The reporter was older than Filip, broader across the face and shoulders. For a moment, she tried to see a resemblance between them, and then like walking into a freezer, she understood.

“Your work,” she said.

“Gave it to me as a present,” Filip said. “The stealth coating on the rocks? I led the team that retrieved it, me. Without me, none of this.”

He was boasting. It was in the corner of his eyes and the tightness of his lips how badly he wanted her to be impressed. To approve. Something like rage shifted in her gut. On the screen, the reporter was listing relief organizations and religious groups. People who were trying to organize help for the refugees. As if anyone on the planet didn’t need refuge now.

“Did that to me too,” she said. Filip’s expression asked the question. “Your father. He put blood on my hands too. Made me complicit in killing people.
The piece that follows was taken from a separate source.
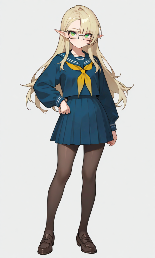 elf, girl,blonde hair, long hair, asymmetrical bangs, green eyes,rectangular eyewear, tsurime,Blue serafuku,yellow neckerchief, long sleeves,full body, gradient eyes, pantyhose,loafers,looking at viewer, standing, simple background,white background, masterpiece,high resolution,high quality, ,Simple coloring, limited color palette, grainy texture, color contrast, complementary colors, defined shading,high-res,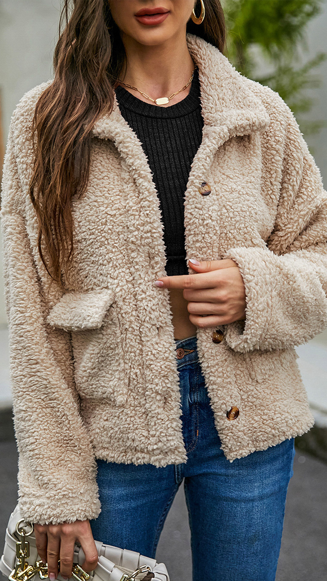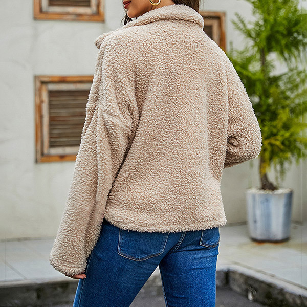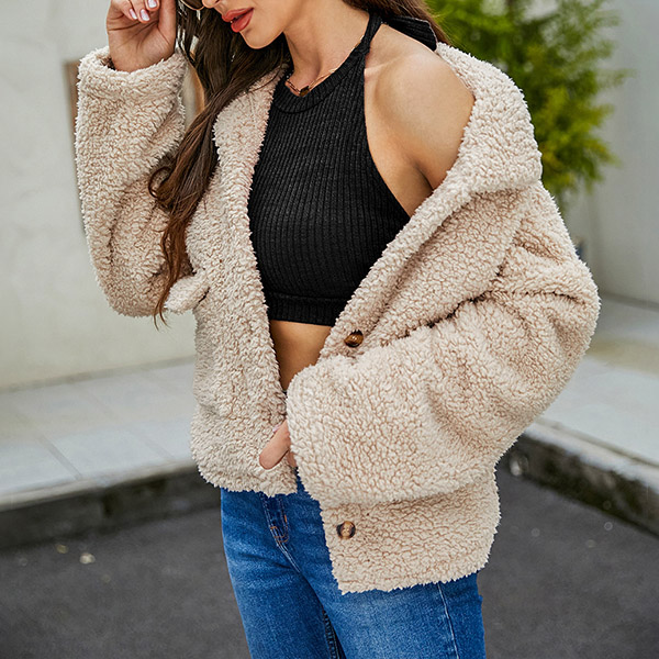 Fashion Solid Color Long Sleeve POLO Collar Single-breasted Plush Coat

Thought it would make me easier to control, I guess.”

It was the wrong thing to say. The boy flinched, drawing into himself like a snail’s feeler touched with salt. The feed changed. The dead and missing on Earth had topped two hundred million. A cheer went up all through the galley.

“Is that why you left?” Filip asked. “Couldn’t handle doing the work?”

She sat silent for a long moment. Then, “Yes.”

“Better that you went, then,” Filip said. She told herself he didn’t mean it. It was just something he said to hurt her. It worked. But more than that, she felt a vast sorrow for all the things her baby boy might have been that he wasn’t. For the child she could have had in him, if there had been a way. But she’d left her child in the hands of a monster, and the infection had spread. A family of monsters, father and mother and child.

It made it easier.

“Weighed on me,” she said. “All those dead people because of what I’d done. I tried to leave. Told him I wouldn’t turn him in if he just let me take you and go. So instead he took you away. Said I was acting crazy, and he didn’t trust me around you. That if anyone was getting turned in, it would be me.”

“I know,” Filip said. Spat. “He told me.”

“And I was going to have to do it again. And again. And again. Kill more people for him. I tried to do it too. Tried to push through. Let them die. He tell you I tried to kill myself?”

“Yeah,” Filip said. She should stop. She didn’t need to put this on him. Her little boy. Her little boy who’d just helped kill a world.

God, she still wanted to protect him. How stupid was that? He was a murderer now. He needed to know.

“I was at an airlock on Ceres Station. Rigged it to open. All I needed to do was step out. It was an old-style one. Blue and gray. And it smelled like fake apple. Something about the recycler there. And, anyway, I did it. I triggered it. Only the station had put in a fail-safe I didn’t know about. So.” She shrugged. “That was when I knew.”